如需进一步了解BGE-M3的架构或训练细节，可参考[官方教程](https://github.com/FlagOpen/FlagEmbedding/tree/master/Tutorials)。



In [7]:
from FlagEmbedding import BGEM3FlagModel

model = BGEM3FlagModel('D:\\AInewModels\\BAAI\\bge-m3',  
                       use_fp16=True) # Setting use_fp16 to True speeds up computation with a slight performance degradation

sentences_1 = ["What is BGE M3?", "Defination of BM25"]
sentences_2 = ["BGE M3 is an embedding model supporting dense retrieval, lexical matching and multi-vector interaction.", 
               "BM25 is a bag-of-words retrieval function that ranks a set of documents based on the query terms appearing in each document"]

embeddings_1 = model.encode(sentences_1, 
                            batch_size=12, 
                            #max_length=8192, # If you don't need such a long length, you can set a smaller value to speed up the encoding process.
                            max_length=1024,
                            )['dense_vecs']
embeddings_2 = model.encode(sentences_2)['dense_vecs']
similarity = embeddings_1 @ embeddings_2.T
print(similarity)

You're using a XLMRobertaTokenizerFast tokenizer.

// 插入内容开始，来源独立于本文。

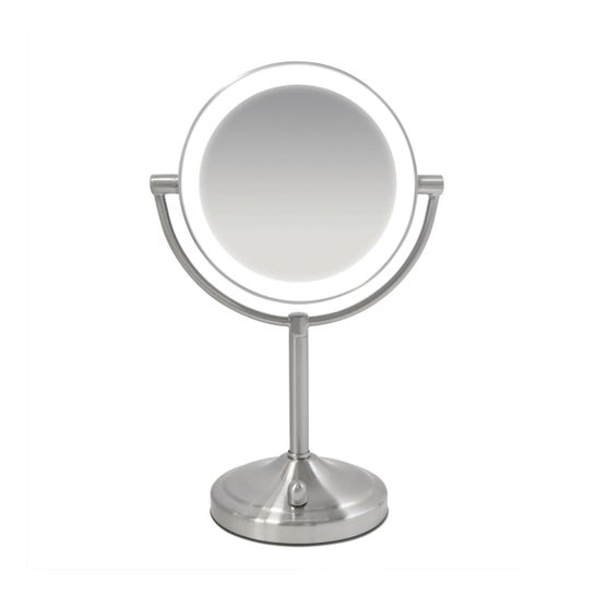 Espejo de mesa inclinable con 7 aumentos y una cabeza inclinable de 360º en color níquel satinado que está especialmente diseñado para poder realizar la rutina de limpieza facial o bien el maquillaje de una manera cómoda, gracias a la luz led incorporada que ayuda a ver con más detalle el rostro. Funciona con 4 pilas AAA y es posible regular la intensidad de la luz.
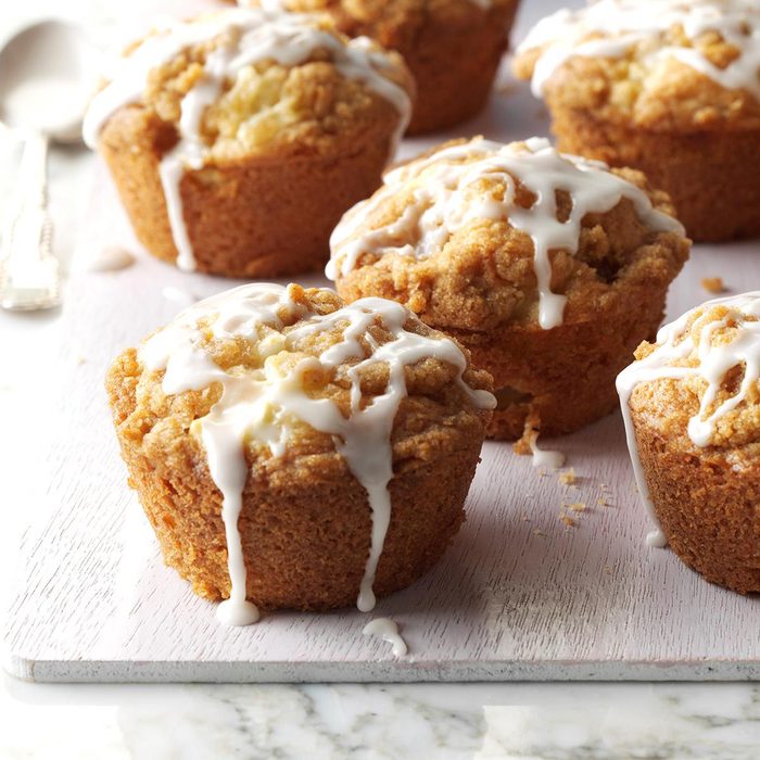 These apple streusel muffins remind us of coffee cake, and my husband and kids love them as a quick breakfast or snack on the run. The drizzle of glaze makes them pretty enough for company. —Dulcy Grace, Roaring Spring, Pennsylvania
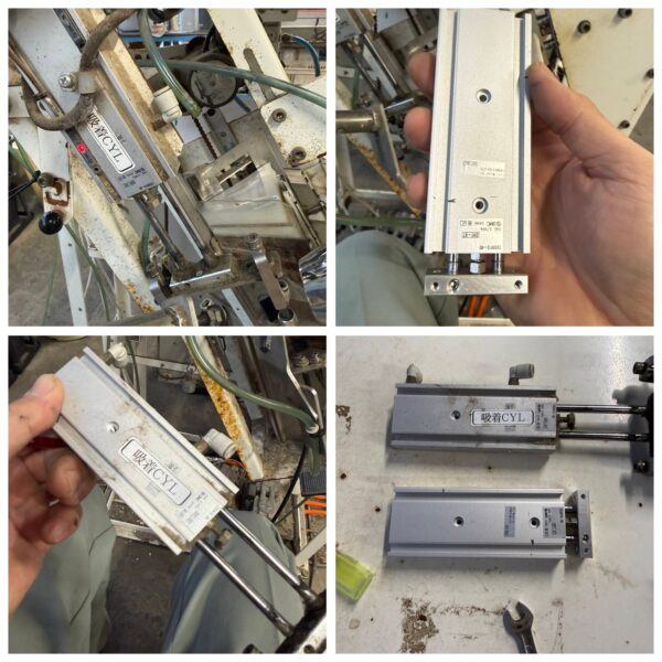 午後からは少し昼寝をして、農園主と母親でエフクリーン温室のLを切って、母親がLのキャップをしました。農園主は、一昨日から調子の悪かったキャップマシーン4号機のシリンダーを取り替えました。シリンダーって何なのか知りませんが、かなりエアーが漏れている音がしていました。⇓
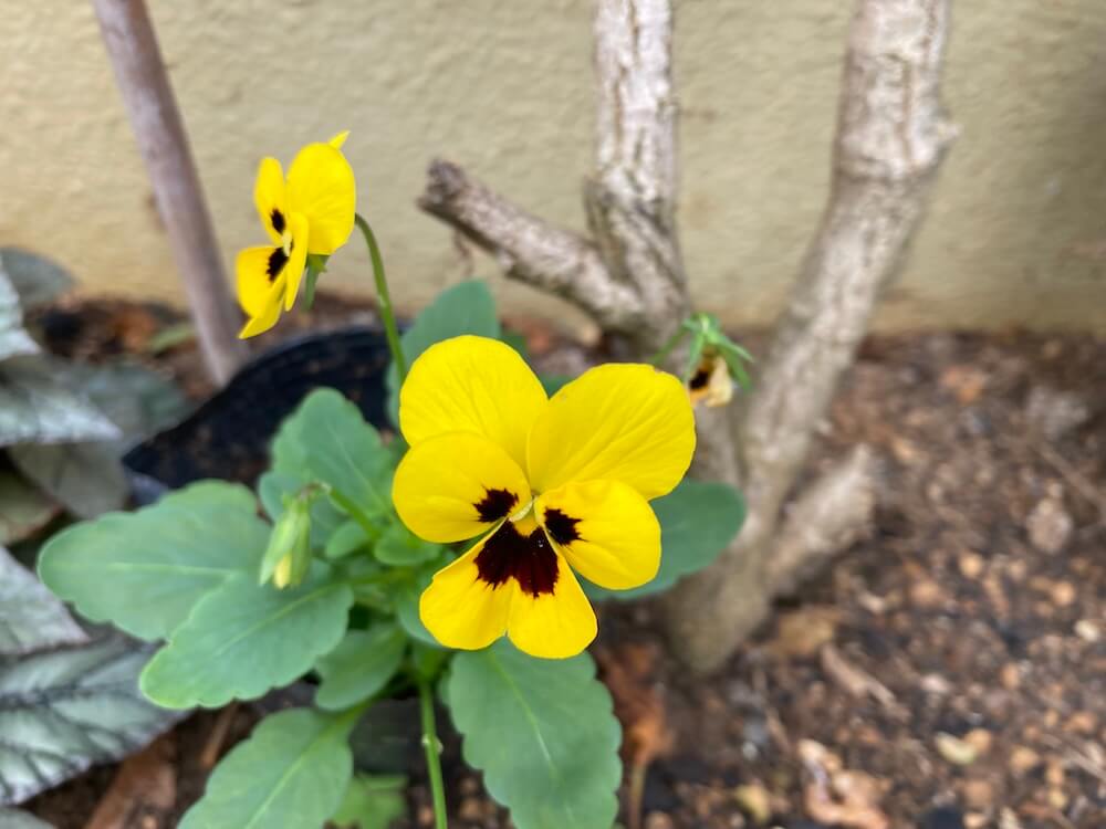 まず小さなビニールポットの中で元気に咲いていたビオラが可愛かったです。
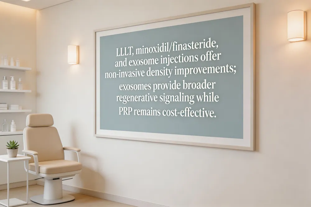 Low‑level laser therapy (LLLT) is FDA‑cleared, non‑invasive and uses red/near‑infrared light to boost scalp microcirculation and cellular metabolism, often increasing density 10‑30 % after 3‑6 months. Topical agents such as minoxidil and oral FDA‑approved finasteride (or dutasteride) remain first‑line medical options, while nutraceuticals and anti‑inflammatory scalp cleansers support follicle health. Compared with PRP, exosome therapy delivers extracellular vesicles packed with growth‑factor proteins and microRNAs, offering broader regenerative signaling and fewer treatment sessions; PRP provides a lower‑cost, autologous platelet boost that is well‑studied for early‑stage thinning. Patient‑reported outcomes show higher satisfaction with exosomes for rapid regrowth, though PRP scores remain strong for safety and affordability. Reddit threads echo these trends: users praise PRP’s consistency and exosomes’ potency despite higher price. Overall, the best PRP alternatives combine Low‑level laser therapy (LLLT) , topical/oral medications, and, when appropriate, exosome injections to deliver personalized, non‑surgical hair restoration for many patients.
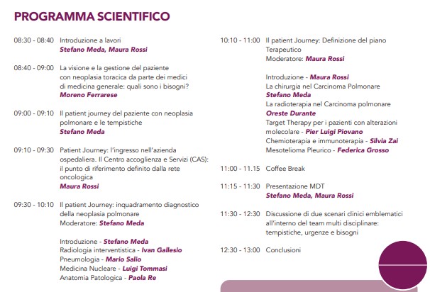 Dalle 8,30 alle 13,00 saranno affrontati vari aspetti del carcinoma polmonare, che in Italia è considerato ancora un big killer, con alti tassi di incidenza e di mortalità.

Please note that with a fast tokenizer, using the `__call__` method is faster than using a method to encode the text followed by a call to the `pad` method to get a padded encoding.


[[0.6259036  0.34749582]
 [0.34986773 0.6782464 ]]


- "What is BGE M3?" 与"BGE M3 is an embedding model..." 的相似度为0.6265（较高）
- "What is BGE M3?"与"- BM25 is a bag-of-words retrieval function..." 的相似度为0.3477（较低）
- "Defination of BM25" 与"BGE M3 is an embedding model..." 的相似度为0.3499（较低）
- "Defination of BM25" 与"BM25 is a bag-of-words retrieval function..." 的相似度为0.678（较高）